### TRY IT
Repeat the data in full and exactly. Leave the pictures out.

### INPUT DATA
---+---

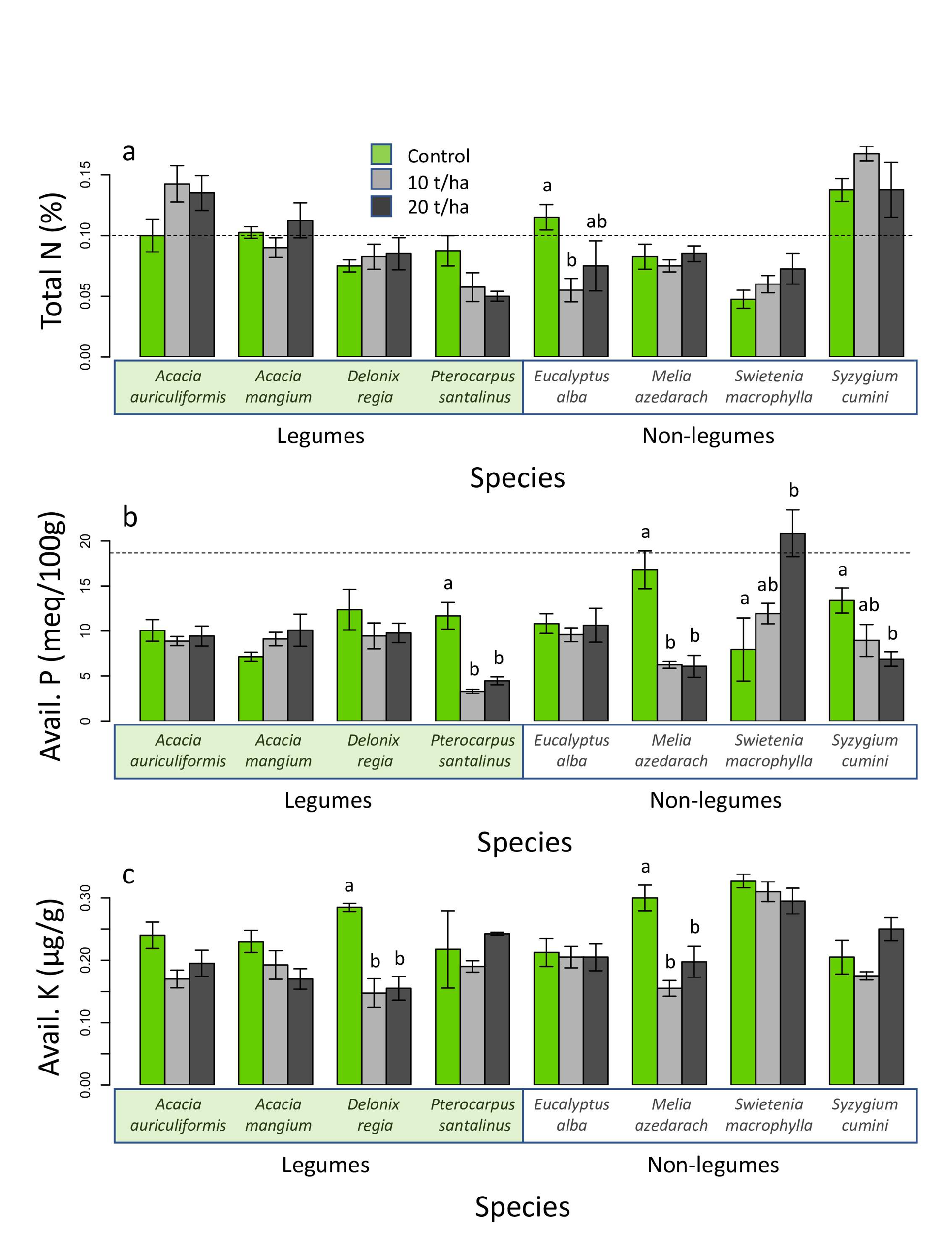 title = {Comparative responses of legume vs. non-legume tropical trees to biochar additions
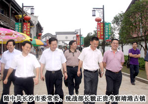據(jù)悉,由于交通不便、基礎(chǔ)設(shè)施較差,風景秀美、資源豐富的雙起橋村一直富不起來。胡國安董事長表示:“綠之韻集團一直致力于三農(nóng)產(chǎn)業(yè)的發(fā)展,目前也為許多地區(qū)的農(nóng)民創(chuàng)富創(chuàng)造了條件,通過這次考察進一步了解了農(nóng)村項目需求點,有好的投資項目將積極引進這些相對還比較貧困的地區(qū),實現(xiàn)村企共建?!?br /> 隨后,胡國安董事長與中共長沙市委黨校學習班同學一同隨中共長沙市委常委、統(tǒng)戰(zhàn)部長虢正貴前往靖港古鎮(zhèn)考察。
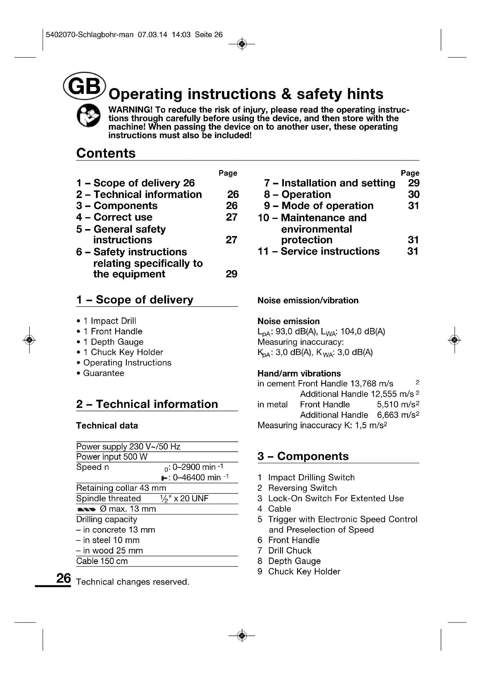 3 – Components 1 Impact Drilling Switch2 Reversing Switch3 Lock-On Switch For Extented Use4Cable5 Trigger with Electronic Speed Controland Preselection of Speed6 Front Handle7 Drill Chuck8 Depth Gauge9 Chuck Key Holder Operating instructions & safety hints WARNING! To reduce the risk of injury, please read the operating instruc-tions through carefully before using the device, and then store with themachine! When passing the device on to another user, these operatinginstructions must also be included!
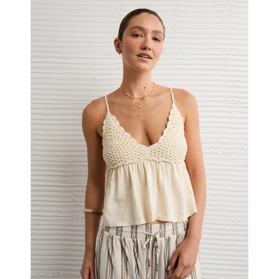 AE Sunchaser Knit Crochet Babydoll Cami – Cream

---+---

### ANSWER TO THIS EXERCISE
 title = {Comparative responses of legume vs. non-legume tropical trees to biochar additions
據(jù)悉,由于交通不便、基礎(chǔ)設(shè)施較差,風景秀美、資源豐富的雙起橋村一直富不起來。胡國安董事長表示:“綠之韻集團一直致力于三農(nóng)產(chǎn)業(yè)的發(fā)展,目前也為許多地區(qū)的農(nóng)民創(chuàng)富創(chuàng)造了條件,通過這次考察進一步了解了農(nóng)村項目需求點,有好的投資項目將積極引進這些相對還比較貧困的地區(qū),實現(xiàn)村企共建?!?br /> 隨后,胡國安董事長與中共長沙市委黨校學習班同學一同隨中共長沙市委常委、統(tǒng)戰(zhàn)部長虢正貴前往靖港古鎮(zhèn)考察。
 3 – Components 1 Impact Drilling Switch2 Reversing Switch3 Lock-On Switch For Extented Use4Cable5 Trigger with Electronic Speed Controland Preselection of Speed6 Front Handle7 Drill Chuck8 Depth Gauge9 Chuck Key Holder Operating instructions & safety hints WARNING! To reduce the risk of injury, please read the operating instruc-tions through carefully before using the device, and then store with themachine! When passing the device on to another user, these operatinginstructions must also be included!
 AE Sunchaser Knit Crochet Babydoll Cami – Cream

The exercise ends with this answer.